What can be fused? Elementwise operations are the easiest case — any chain of ops where each output element depends only on the corresponding input element. No reduction, no cross-element dependencies. GELU, ReLU, swish, sigmoid, bias-add, scale — all fusible into a single kernel.

Reductions (sum, max, mean) are harder — they require communication across elements. But you can fuse an elementwise op before a reduction in the same kernel (compute exp(x) and accumulate the sum in one pass). Fused softmax does exactly this: compute max(x), subtract, exp, accumulate sum — all in one kernel, with the row of x read exactly once from HBM.

Fusion traffic bar: unfused chain vs fused (with breakdown)

Set the number of chained elementwise ops and tensor size. Each bar shows HBM traffic per op for unfused vs total for fused. Hover a bar to see the exact MB.

Chained ops 5

Tensor size (M bf16 elements) 16

You have a chain: x₁ = gelu(x₀), x₂ = x₁ + bias, x₃ = x₂ × scale. How many HBM read+write round-trips does the unfused version make vs the fused version (each tensor is 8 MB bf16)?

Unfused: 3 trips (one per op). Fused: 1 trip. 3× improvement. Unfused: 4 trips. Fused: 2 trips. 2× improvement. Unfused: 6 round-trips (3 reads + 3 writes = 48 MB). Fused: 2 round-trips (1 read + 1 write = 16 MB). 3× HBM traffic reduction. Unfused: 9 trips (each op has 3 sub-ops). Fused: 1 trip.
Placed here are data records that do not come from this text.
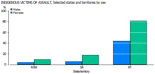 ABORIGINAL AND TORRES STRAIT ISLANDER VICTIMS In 2011, 6.8% (4,864) of victims of assault in New South Wales identified as being of Aboriginal or Torres Strait Islander origin. Aboriginal and Torres Strait Islander persons accounted for 4.4% (1,728) of male assault victims and 9.9% (3,133) of female assault victims. In 2011, 12% (1,887) of victims of assault in South Australia identified as being of Aboriginal or Torres Strait Islander origin. Aboriginal and Torres Strait Islander persons accounted for 6.2% (535) of male assault victims and 18% (1,352) of female assault victims. In 2011, 68% (4,546) of victims of assault in the Northern Territory identified as being of Aboriginal or Torres Strait Islander origin, with 44% (1,017) of male assault victims identified as being of Aboriginal or Torres Strait Islander origin and 82% (3,529) of female assault victims. Male victims who identified as being of Aboriginal and Torres Strait Islander origin experienced incidents of assault:
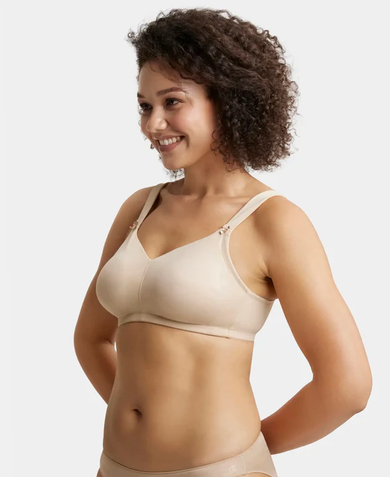 Home Bra Non Padded Bra Wire free Non Padded Soft Touch Microfiber Elastane Stretch Full Coverage Minimizer Bra with Broad Cushioned Fabric Strap
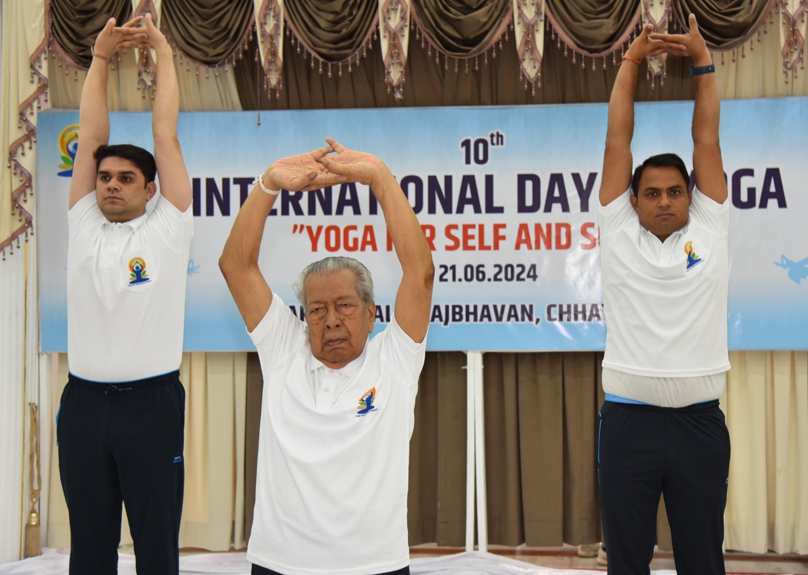 कार्यक्रम में योग आयोग से आए हुए प्रशिक्षकों के मार्गदर्शन में राजभवन के सभी अधिकारियों एवं कर्मचारियांे ने उत्साह पूर्वक योगाभ्यास किया। राज्यपाल ने योग आयोग के प्रशिक्षको को राजकीय गमछा, श्रीफल एवं स्मृति चिन्ह भेंट कर सम्मानित किया।
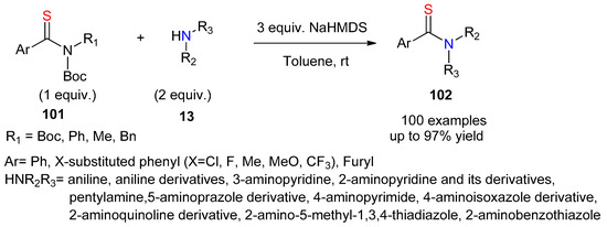 In the same trend, Szostak and co-workers reported in 2022 a simple and direct method for transamidation of N-tert-butoxycarbonyl aryl thioamides 101 based on the uncommon cleavage of the C(S)-N bond under mild conditions [71]. This process occurred well in the presence of NaHMDS, whereas other bases (NaOH, KO-t-Bu, n-BuLi) were found ineffective in this reaction (Scheme 42). This protocol is broadly compatible with different functional groups, thus offering an interesting alternative for the construction of substituted thioamides.
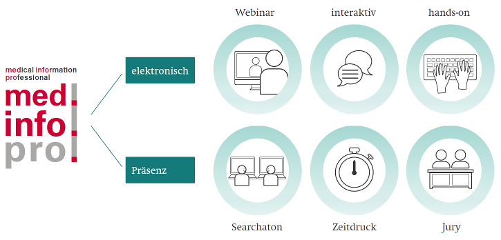 med.info.pro consists of the electronic component webinar that presents the course content as well as a classroom event in order to assess performance. We called this session “Searchaton”, which should emphasise the playful nature of the event. In a competition evaluated by a jury, the students apply what they have learned in the webinar under time pressure.

Chapter 3: CUDA vs Triton vs torch.compile

To write a fused kernel, you have three options. They form a ladder of abstraction: CUDA at the bottom (maximum control, maximum boilerplate), Triton in the middle (near-CUDA performance, Python-level code), and torch.compile at the top (automatic fusion, zero kernel code, but less controllable).

CUDA is NVIDIA's GPU programming language — C/C++ with extensions for GPU execution. You write code at the level of individual threads. Each thread is responsible for one or a few elements; you compute its (blockIdx, threadIdx) from the launch configuration to figure out which elements it owns. You manage shared memory explicitly: decide what to load, when to synchronize, when to write back. This gives you maximum performance — hand-written CUDA can squeeze every last FLOP out of the hardware. But a correct CUDA kernel for even a simple fused softmax is 100+ lines of C++ with subtle bugs lurking in the synchronization logic.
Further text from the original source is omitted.